TO DO:
Look through the data below for the line with "போலீசார் விசாரணை யில்" and the line with "Heather asked for", then transcribe exactly from the first through the second, leaving out all pictures.

GIVEN DATA:
# # # # # # #
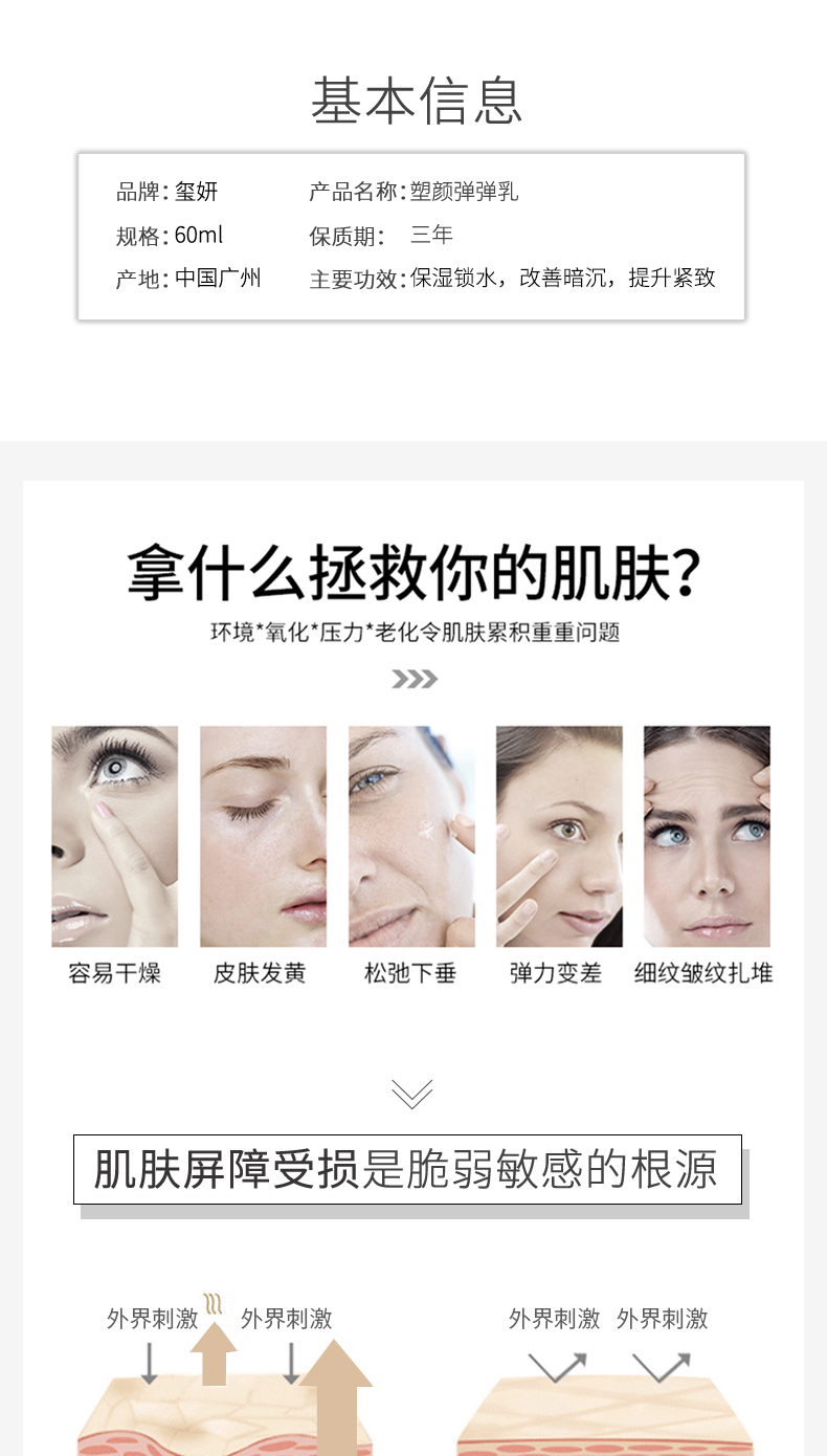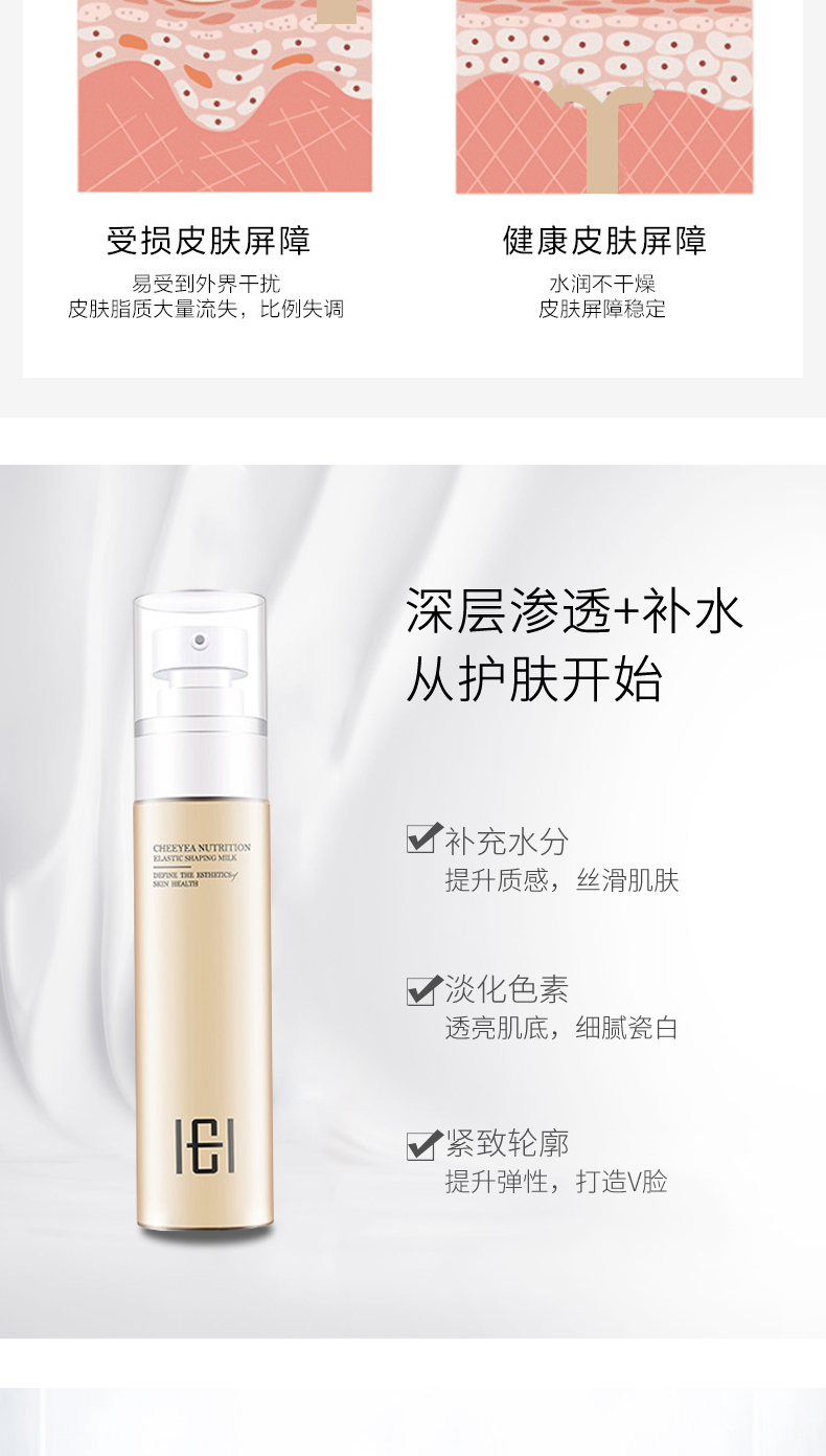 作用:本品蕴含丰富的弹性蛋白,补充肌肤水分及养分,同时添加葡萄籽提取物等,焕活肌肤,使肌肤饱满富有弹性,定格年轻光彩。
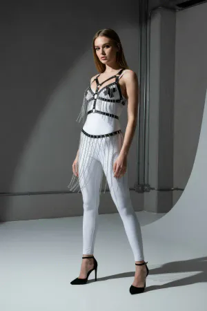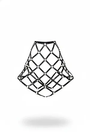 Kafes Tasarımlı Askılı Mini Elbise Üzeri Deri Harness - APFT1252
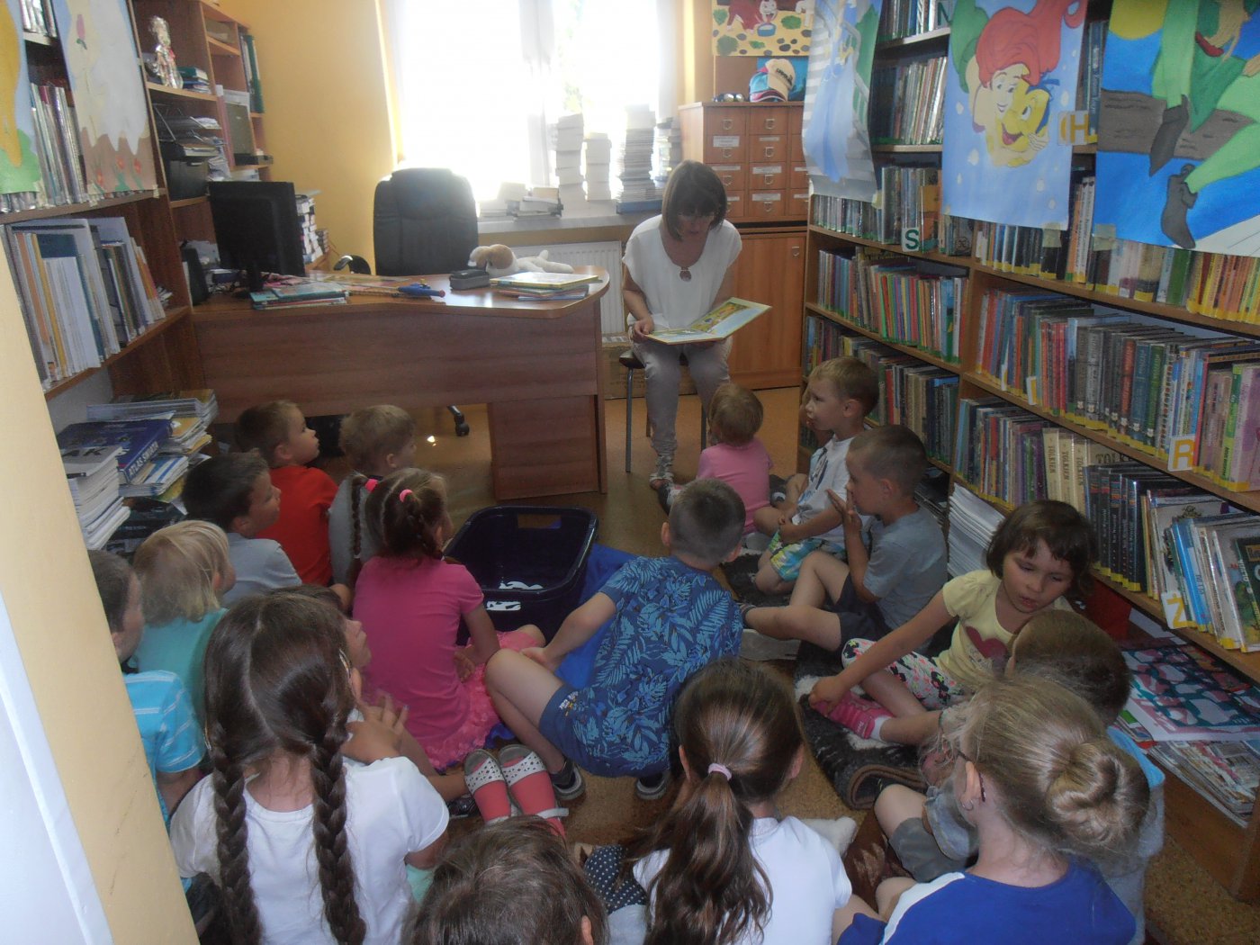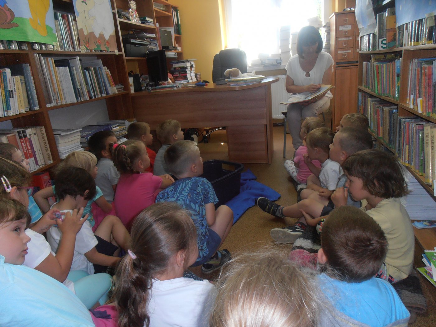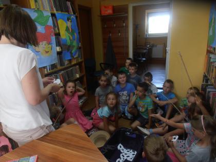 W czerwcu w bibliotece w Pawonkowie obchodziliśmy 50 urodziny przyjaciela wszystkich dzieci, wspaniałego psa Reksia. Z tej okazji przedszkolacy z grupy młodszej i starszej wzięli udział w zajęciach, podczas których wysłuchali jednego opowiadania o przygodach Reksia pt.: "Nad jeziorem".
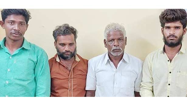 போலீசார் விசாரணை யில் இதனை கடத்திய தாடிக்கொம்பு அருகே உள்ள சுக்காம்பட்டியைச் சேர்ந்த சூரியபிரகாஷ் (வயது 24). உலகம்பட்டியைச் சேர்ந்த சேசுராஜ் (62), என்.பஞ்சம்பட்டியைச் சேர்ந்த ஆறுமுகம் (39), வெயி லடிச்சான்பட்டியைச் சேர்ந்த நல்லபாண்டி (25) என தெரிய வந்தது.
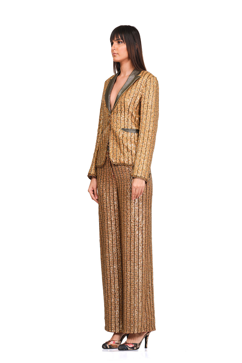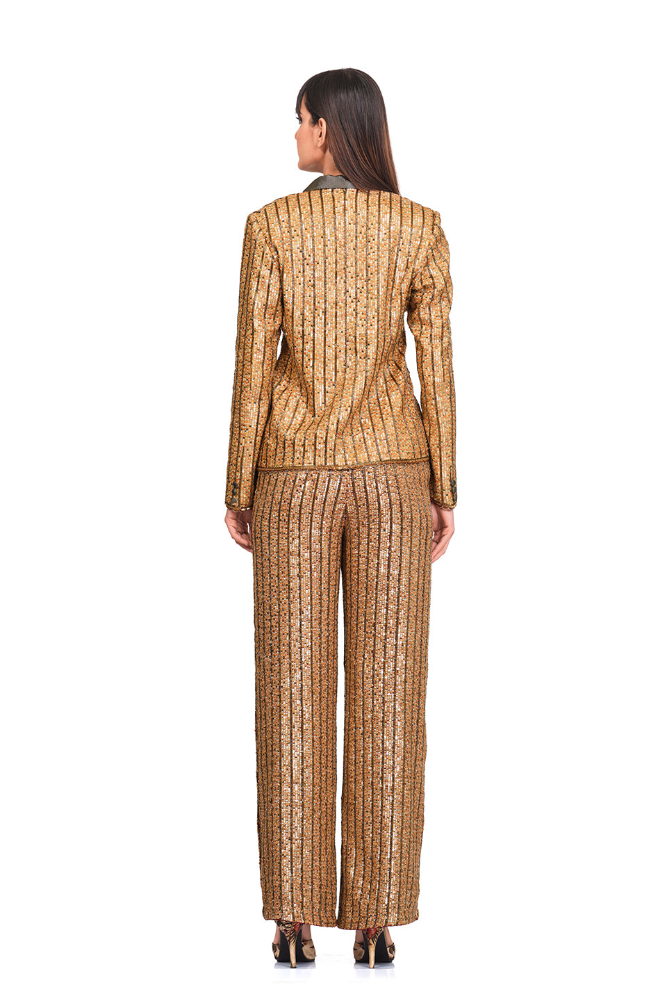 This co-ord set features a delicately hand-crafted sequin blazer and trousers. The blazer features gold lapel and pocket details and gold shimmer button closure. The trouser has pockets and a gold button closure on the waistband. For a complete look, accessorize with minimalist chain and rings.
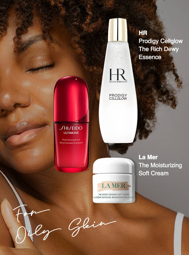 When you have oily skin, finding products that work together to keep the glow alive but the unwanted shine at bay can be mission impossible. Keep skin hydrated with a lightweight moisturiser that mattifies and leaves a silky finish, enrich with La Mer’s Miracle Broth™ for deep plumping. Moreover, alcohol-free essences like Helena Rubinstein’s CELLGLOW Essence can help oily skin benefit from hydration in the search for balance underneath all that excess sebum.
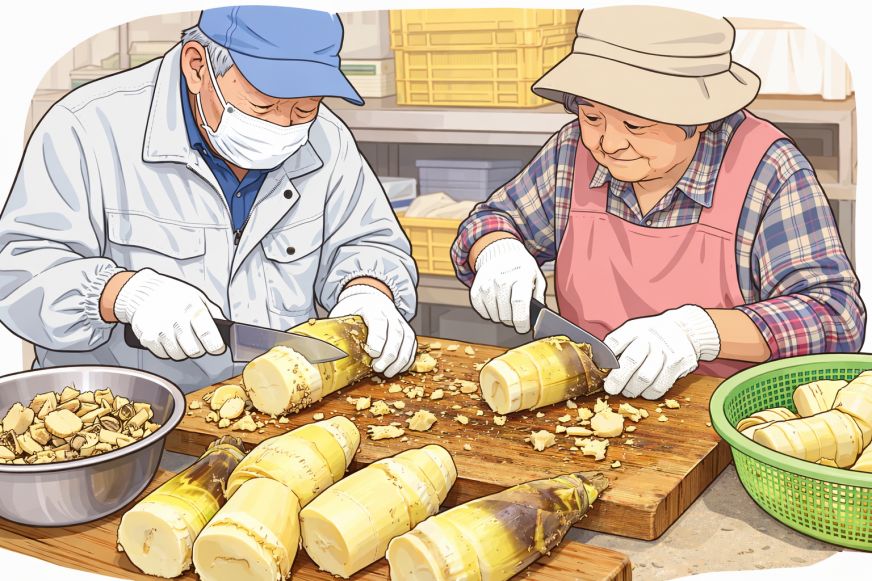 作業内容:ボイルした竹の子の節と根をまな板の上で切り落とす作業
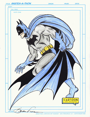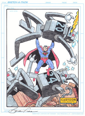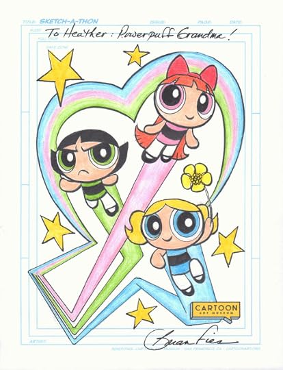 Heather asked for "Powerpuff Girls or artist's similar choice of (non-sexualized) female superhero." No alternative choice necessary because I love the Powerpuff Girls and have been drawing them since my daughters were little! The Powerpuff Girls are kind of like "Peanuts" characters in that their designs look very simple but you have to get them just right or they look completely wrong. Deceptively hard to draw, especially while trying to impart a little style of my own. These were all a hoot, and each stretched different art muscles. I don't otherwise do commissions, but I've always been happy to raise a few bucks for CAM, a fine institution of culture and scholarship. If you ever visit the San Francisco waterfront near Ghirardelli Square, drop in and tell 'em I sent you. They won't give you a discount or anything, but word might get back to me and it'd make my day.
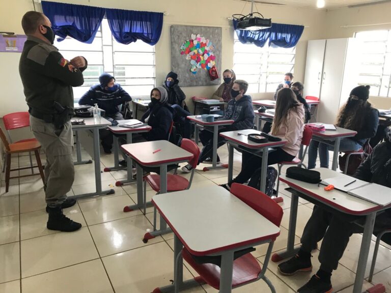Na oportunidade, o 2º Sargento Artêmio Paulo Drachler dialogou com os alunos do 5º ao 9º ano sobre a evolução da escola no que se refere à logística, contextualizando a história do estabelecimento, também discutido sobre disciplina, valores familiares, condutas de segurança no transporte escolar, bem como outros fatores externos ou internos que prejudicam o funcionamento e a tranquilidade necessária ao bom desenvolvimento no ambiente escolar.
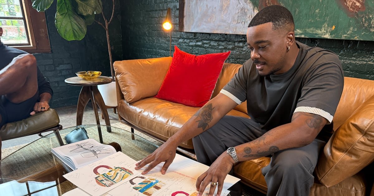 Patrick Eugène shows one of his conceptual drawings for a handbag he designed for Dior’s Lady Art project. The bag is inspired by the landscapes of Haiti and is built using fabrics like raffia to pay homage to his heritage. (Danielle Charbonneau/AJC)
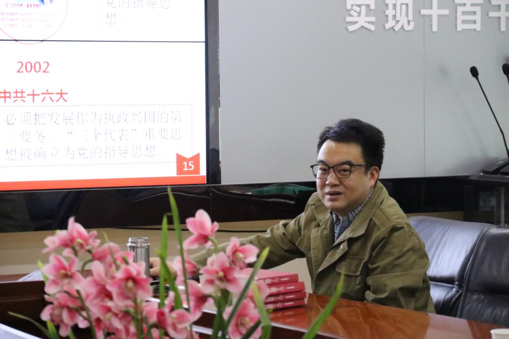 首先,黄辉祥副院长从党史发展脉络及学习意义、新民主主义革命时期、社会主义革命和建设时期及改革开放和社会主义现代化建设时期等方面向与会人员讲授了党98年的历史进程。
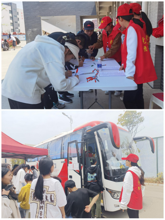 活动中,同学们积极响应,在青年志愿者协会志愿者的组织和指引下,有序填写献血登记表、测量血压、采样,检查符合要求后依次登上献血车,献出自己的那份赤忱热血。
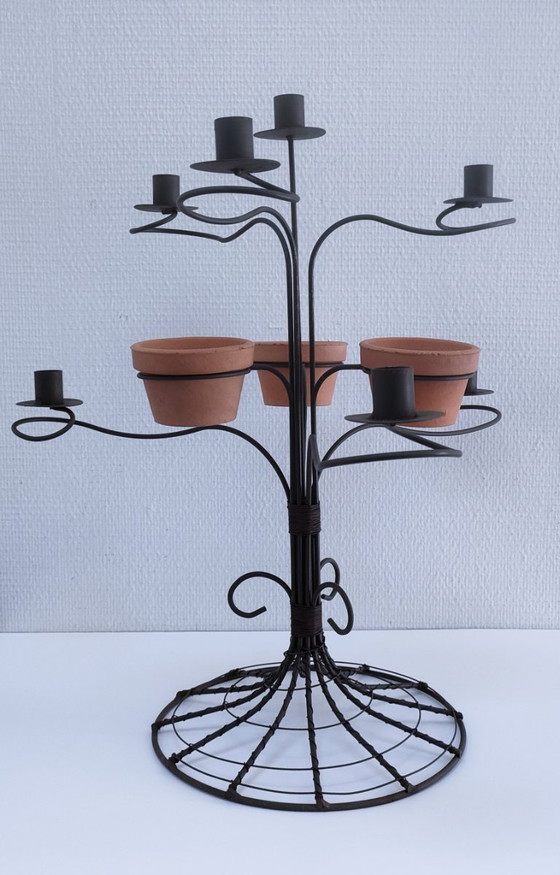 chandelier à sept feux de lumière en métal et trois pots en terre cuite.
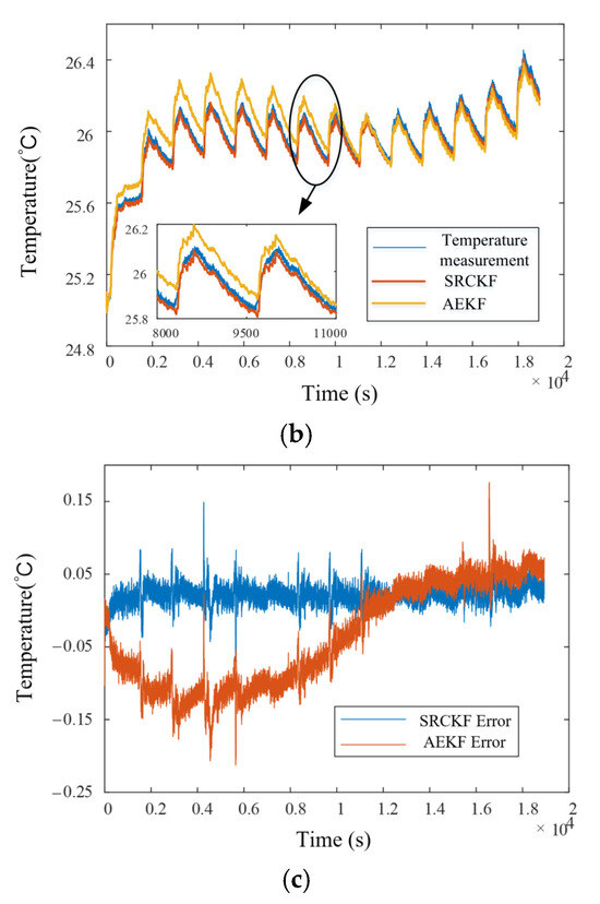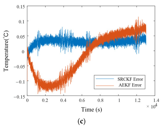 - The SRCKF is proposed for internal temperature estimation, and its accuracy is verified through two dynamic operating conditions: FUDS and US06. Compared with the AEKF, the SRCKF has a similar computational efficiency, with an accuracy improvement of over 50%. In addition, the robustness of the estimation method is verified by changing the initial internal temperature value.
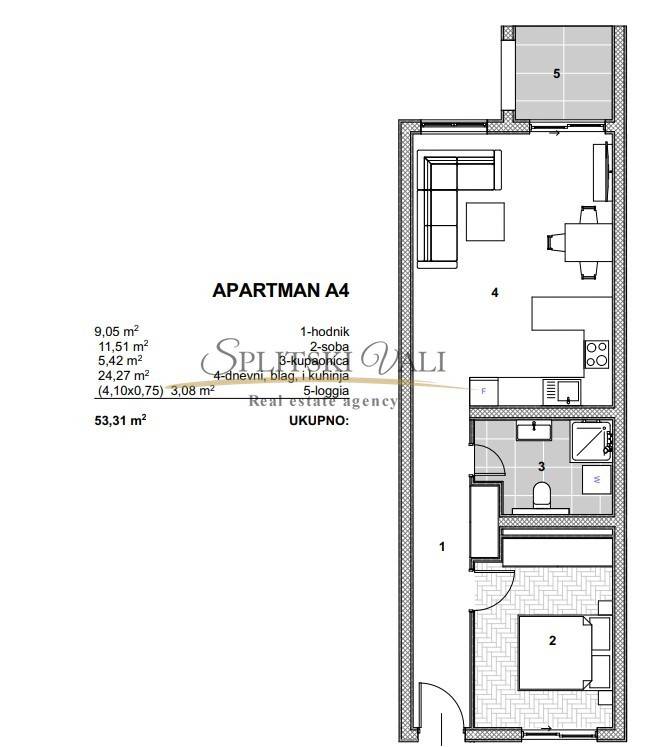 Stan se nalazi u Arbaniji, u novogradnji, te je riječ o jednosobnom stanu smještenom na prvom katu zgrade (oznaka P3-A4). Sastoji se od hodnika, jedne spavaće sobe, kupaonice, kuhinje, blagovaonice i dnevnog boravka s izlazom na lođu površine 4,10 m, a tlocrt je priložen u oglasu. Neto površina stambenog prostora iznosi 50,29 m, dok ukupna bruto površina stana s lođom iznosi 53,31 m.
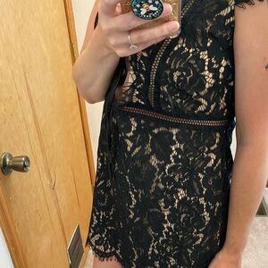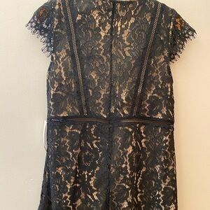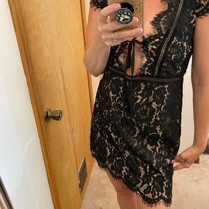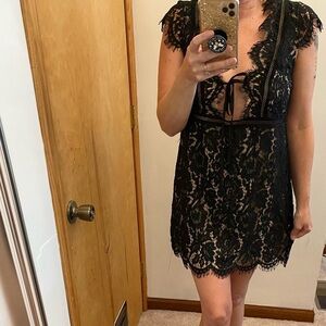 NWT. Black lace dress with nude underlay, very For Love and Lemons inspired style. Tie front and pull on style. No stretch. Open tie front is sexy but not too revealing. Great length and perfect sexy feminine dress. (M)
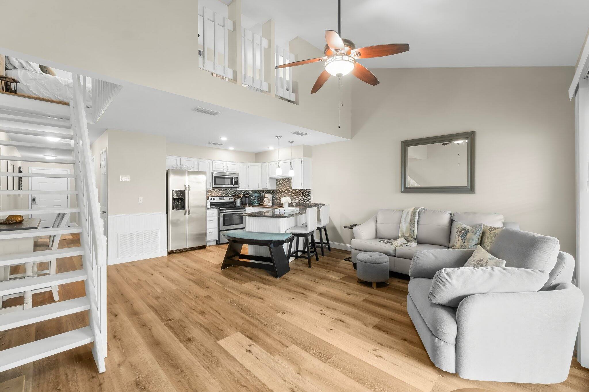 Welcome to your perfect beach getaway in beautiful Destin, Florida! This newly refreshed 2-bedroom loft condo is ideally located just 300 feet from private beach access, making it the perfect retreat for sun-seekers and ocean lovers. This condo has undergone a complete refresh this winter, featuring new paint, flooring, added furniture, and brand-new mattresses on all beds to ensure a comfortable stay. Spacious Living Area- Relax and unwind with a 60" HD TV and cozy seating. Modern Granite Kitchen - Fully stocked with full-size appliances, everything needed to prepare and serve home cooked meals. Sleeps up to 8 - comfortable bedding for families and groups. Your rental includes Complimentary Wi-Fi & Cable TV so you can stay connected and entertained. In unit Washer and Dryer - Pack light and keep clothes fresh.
# # # # # # #
TASK SOLUTION:
 போலீசார் விசாரணை யில் இதனை கடத்திய தாடிக்கொம்பு அருகே உள்ள சுக்காம்பட்டியைச் சேர்ந்த சூரியபிரகாஷ் (வயது 24). உலகம்பட்டியைச் சேர்ந்த சேசுராஜ் (62), என்.பஞ்சம்பட்டியைச் சேர்ந்த ஆறுமுகம் (39), வெயி லடிச்சான்பட்டியைச் சேர்ந்த நல்லபாண்டி (25) என தெரிய வந்தது.
 This co-ord set features a delicately hand-crafted sequin blazer and trousers. The blazer features gold lapel and pocket details and gold shimmer button closure. The trouser has pockets and a gold button closure on the waistband. For a complete look, accessorize with minimalist chain and rings.
 When you have oily skin, finding products that work together to keep the glow alive but the unwanted shine at bay can be mission impossible. Keep skin hydrated with a lightweight moisturiser that mattifies and leaves a silky finish, enrich with La Mer’s Miracle Broth™ for deep plumping. Moreover, alcohol-free essences like Helena Rubinstein’s CELLGLOW Essence can help oily skin benefit from hydration in the search for balance underneath all that excess sebum.
 作業内容:ボイルした竹の子の節と根をまな板の上で切り落とす作業
 Heather asked for "Powerpuff Girls or artist's similar choice of (non-sexualized) female superhero." No alternative choice necessary because I love the Powerpuff Girls and have been drawing them since my daughters were little! The Powerpuff Girls are kind of like "Peanuts" characters in that their designs look very simple but you have to get them just right or they look completely wrong. Deceptively hard to draw, especially while trying to impart a little style of my own. These were all a hoot, and each stretched different art muscles. I don't otherwise do commissions, but I've always been happy to raise a few bucks for CAM, a fine institution of culture and scholarship. If you ever visit the San Francisco waterfront near Ghirardelli Square, drop in and tell 'em I sent you. They won't give you a discount or anything, but word might get back to me and it'd make my day.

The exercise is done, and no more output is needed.